Individual Research Projects

Each of the seven PROSPR Research Centers was funded to conduct 3 single-center research projects centered around a common theme. In addition, multisite projects have also been conducted by PROSPR investigators after approval by the PROSPR Steering Committee, using data from a central data repository housed at the Statistical Coordinating Center. View the table below to learn more about the single-center research projects.

Principal Investigator(s) Institution Aims
Katrina Armstrong, MD, MSCE
Mitchell Schnall, MD, PhD
University of Pennsylvania
  • Compare the false positive rates of 3D vs. 2D digital mammography.
  • Evaluate the ability of an imaging biomarker to reduce false positive rates.
  • Test risk communication strategies.
Anna Tosteson, ScD
Tracy Onega, PhD
Jennifer Haas, MD, MS
Geisel School of Medicine at Dartmouth and Brigham and Women’s Hospital
  • Map screening process for heterogeneous health care systems and develop electronic health record (EHR)-integrated tools for improving screening processes.
  • Develop an EHR-integrated module to generate tailored risk assessments and screening recommendations.
  • Compare the effectiveness of care processes for established and emerging modalities.
Brian Sprague, PhD
Donald Weaver, MD
University of Vermont
  • Develop prognostic markers for personalized management of ductal carcinoma in situ (DCIS).
  • Identify molecular, morphologic, radiologic, and tumor microenvironment markers that predict progression of DCIS to invasive disease.
Cosette Wheeler, PhD University of New Mexico
  • Compare self-collection versus provider-directed human papillomavirus primary screening.
  • Analyze statewide cervical screening, diagnosis and treatment failures.
  • Compare the effectiveness of alternative interventions using decision-analytic approaches across the cervical cancer care continuum.
Carolyn Rutter, PhD Kaiser Permanente Washington Health Research Institute
  • Identify low-risk groups that might benefit from less intensive screening.
  • Evaluate the potential mortality impact of risk-based screening.

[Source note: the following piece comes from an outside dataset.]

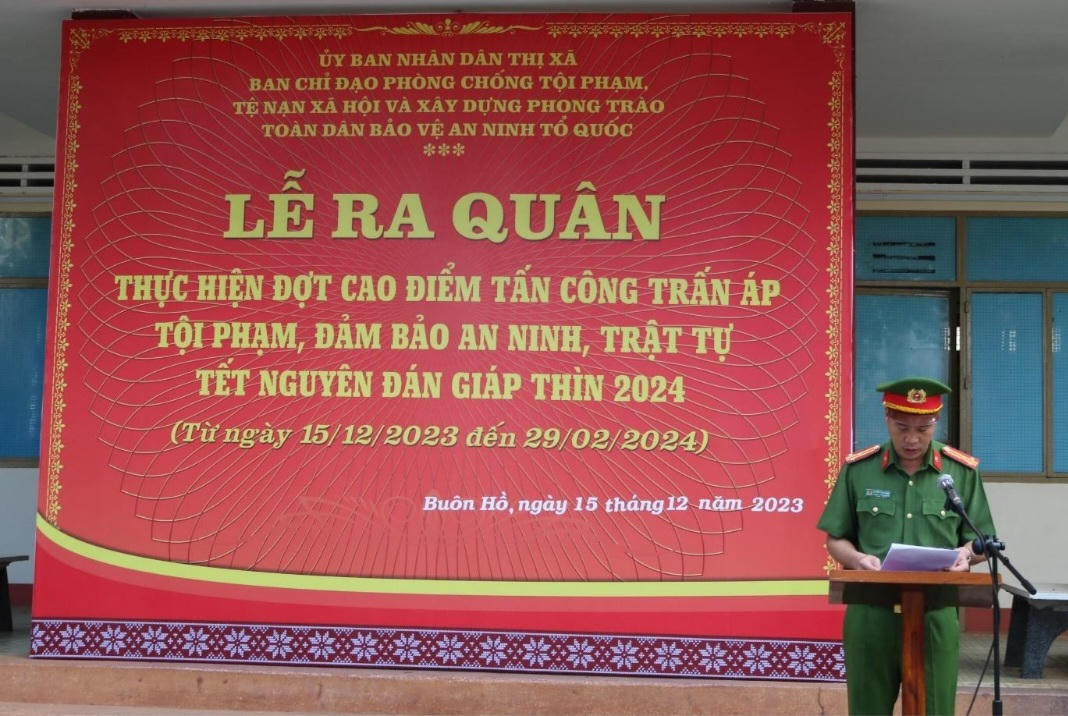 Phát biểu chỉ đạo lễ ra quân, ông Đặng Gia Duẩn, Chủ tịch UBND thị xã Buôn Hồ, Trưởng Ban Chỉ đạo 138 của thị xã yêu cầu các phòng, ban đẩy mạnh công tác tuyên truyền về phòng, chống tội phạm trên các phương tiện thông tin đại chúng, các ứng dụng mạng xã hội, hệ thống thông tin cơ sở. Từng bước đổi mới phương pháp, cách thực hiện phong trào Toàn dân bảo vệ an ninh Tổ quốc theo hướng thiết thực, đi vào cuộc sống của người dân. Tranh thủ vận động người có uy tín trong vùng dân tộc thiểu số, các vị chức sắc tôn giáo tham gia công tác xây dựng phong trào toàn dân bảo vệ an ninh Tổ quốc. Phát huy vai trò của các tổ hòa giải, nhằm phát hiện và xử lý kịp thời các mâu thuẫn từ cơ sở...

Celette Sugg Skinner, PhD, MA
Ethan Halm, MD, MPH
University of Texas Southwestern
  • Optimize risk-based screening in a large safety-net system.
  • Identify clinic and health system factors associated with screening adoption in practices that serve vulnerable populations.
Douglas Corley, MD, PhD, MPH
Chyke Doubeni, MD, MPH
T.R. Levin, MD
Ann Zauber, PhD
Kaiser Foundation Research Institute
  • Identify failures in the screening process and develop corrective strategies.
  • Compare benefits, harms, and effectiveness of alternative screening strategies, including those based on individualized risk.